DATA IN THIS EXERCISE Block Start

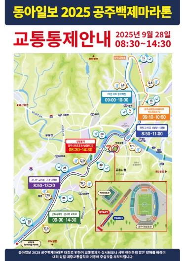 아울러 풀코스 반환점이 있는 나래원 방향의 백제큰길도 오전 8시 50분부터 오후 2시 30분까지 통제된다.
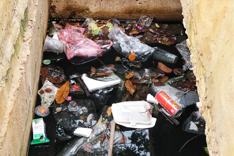 Không những vậy, việc mất nắp hố gas khiến tình trạng ô nhiễm môi trường diễn ra phức tạp. Nhiều rác thải, lon bia, vỏ hộp sữa, túi nilong đã bị trôi xuống cống gây tắc cống.
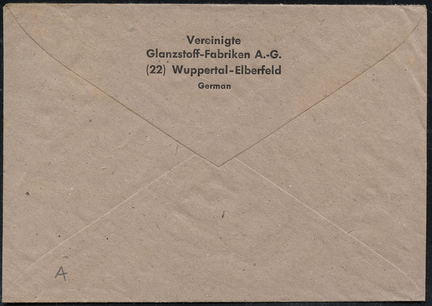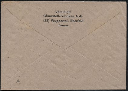 10265 | 25 € | 5600 WUPPERTAL (Absender-Freistempel) : WUPPERTAL-ELBERFELD/ Glanzstoff 1946 (11.7.) seltener, aptierter AFS Francotyp "Reichsadler" + Inschrift kompl. entfernt = Notmaßnahme! (Firmenlogo) zeitbedingt etw. schwach, rs. Abs.-Vordruck: Vereinigte Glazstoff-Fabriken AG, Fernbf. in die SBZ (Dü.E-13E-100o) | ![]() ![]() | |
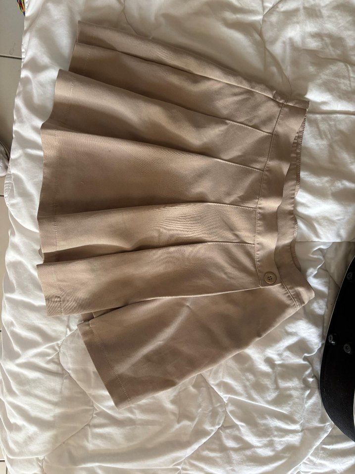 Bej keten pilili midi etek, rahat ve yumuşak dokusuyla günlük sokak stiline uygundur. Gevşek kesim ve pastel tonlarda.
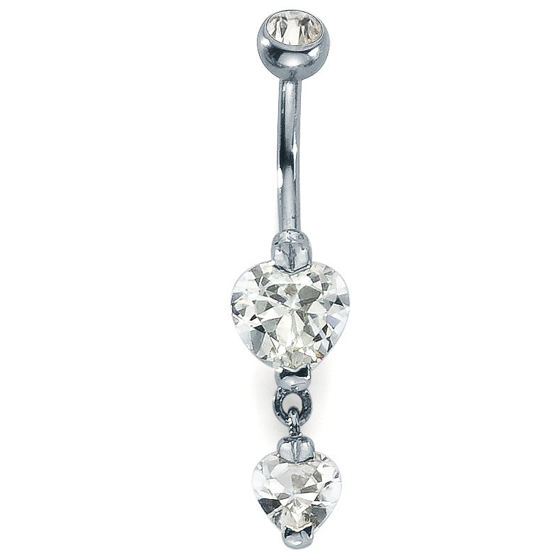 Elegantes Damen Bauchpiercing aus hochwertigem Edelstahl mit zwei funkelnden Kristall-Herzen. Das ansprechende Design sorgt für einen bezaubernden Look und bringt Ihre Weiblichkeit perfekt zur Geltung. Ideal für stilbewusste Frauen, die Wert auf Qualität und Glamour legen.
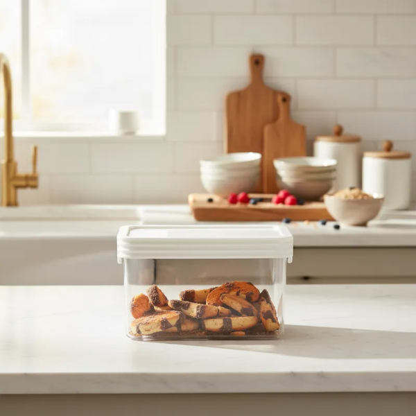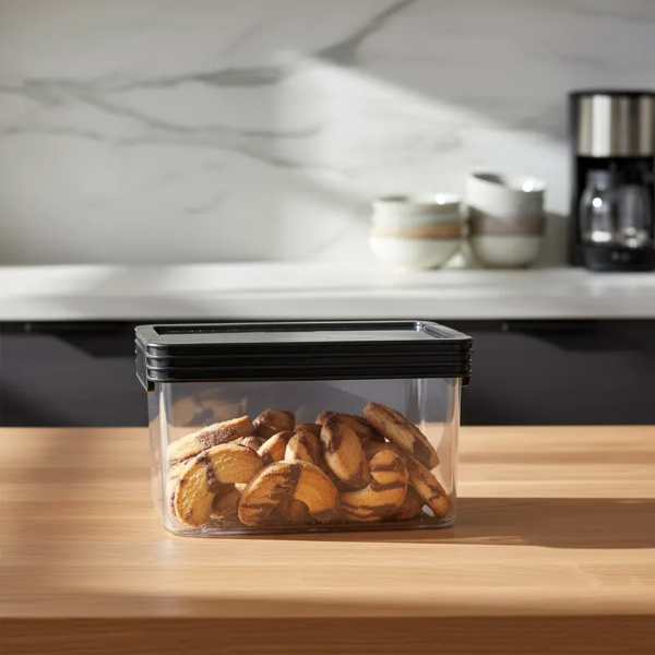 Sistema de almacenamiento en seco hermético, envase acrílico y tapa con sello de silicona, apilable. Fácil apertura, se deslizan las trabas de costado hacia arriba y hacia abajo para un sello hermético. Ideal para alimentos secos, conserve por mas tiempo y sin perdida de sabor los alimentos.
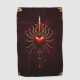 The wonderful beautiful art of gothic elegance. Romantic design with a central motif of a burning candle set within a heart-shaped frame. The candle is surrounded by intricate, golden, spider-like branches, and the heart is adorned with red jewels. The background is a deep crimson, and the image is framed by ornate, gold scrollwork with dripping red accents. The overall mood is one of gothic elegance and mystery.

DATA IN THIS EXERCISE Block End

- ACTION ITEM -
Transcribe the records above exactly, without images.

- EXERCISE ANSWER -
 아울러 풀코스 반환점이 있는 나래원 방향의 백제큰길도 오전 8시 50분부터 오후 2시 30분까지 통제된다.
 Không những vậy, việc mất nắp hố gas khiến tình trạng ô nhiễm môi trường diễn ra phức tạp. Nhiều rác thải, lon bia, vỏ hộp sữa, túi nilong đã bị trôi xuống cống gây tắc cống.
 10265 | 25 € | 5600 WUPPERTAL (Absender-Freistempel) : WUPPERTAL-ELBERFELD/ Glanzstoff 1946 (11.7.) seltener, aptierter AFS Francotyp "Reichsadler" + Inschrift kompl. entfernt = Notmaßnahme! (Firmenlogo) zeitbedingt etw. schwach, rs. Abs.-Vordruck: Vereinigte Glazstoff-Fabriken AG, Fernbf. in die SBZ (Dü.E-13E-100o) | ![]() ![]() | |
 Bej keten pilili midi etek, rahat ve yumuşak dokusuyla günlük sokak stiline uygundur. Gevşek kesim ve pastel tonlarda.
 Elegantes Damen Bauchpiercing aus hochwertigem Edelstahl mit zwei funkelnden Kristall-Herzen. Das ansprechende Design sorgt für einen bezaubernden Look und bringt Ihre Weiblichkeit perfekt zur Geltung. Ideal für stilbewusste Frauen, die Wert auf Qualität und Glamour legen.
 Sistema de almacenamiento en seco hermético, envase acrílico y tapa con sello de silicona, apilable. Fácil apertura, se deslizan las trabas de costado hacia arriba y hacia abajo para un sello hermético. Ideal para alimentos secos, conserve por mas tiempo y sin perdida de sabor los alimentos.
 The wonderful beautiful art of gothic elegance. Romantic design with a central motif of a burning candle set within a heart-shaped frame. The candle is surrounded by intricate, golden, spider-like branches, and the heart is adorned with red jewels. The background is a deep crimson, and the image is framed by ornate, gold scrollwork with dripping red accents. The overall mood is one of gothic elegance and mystery.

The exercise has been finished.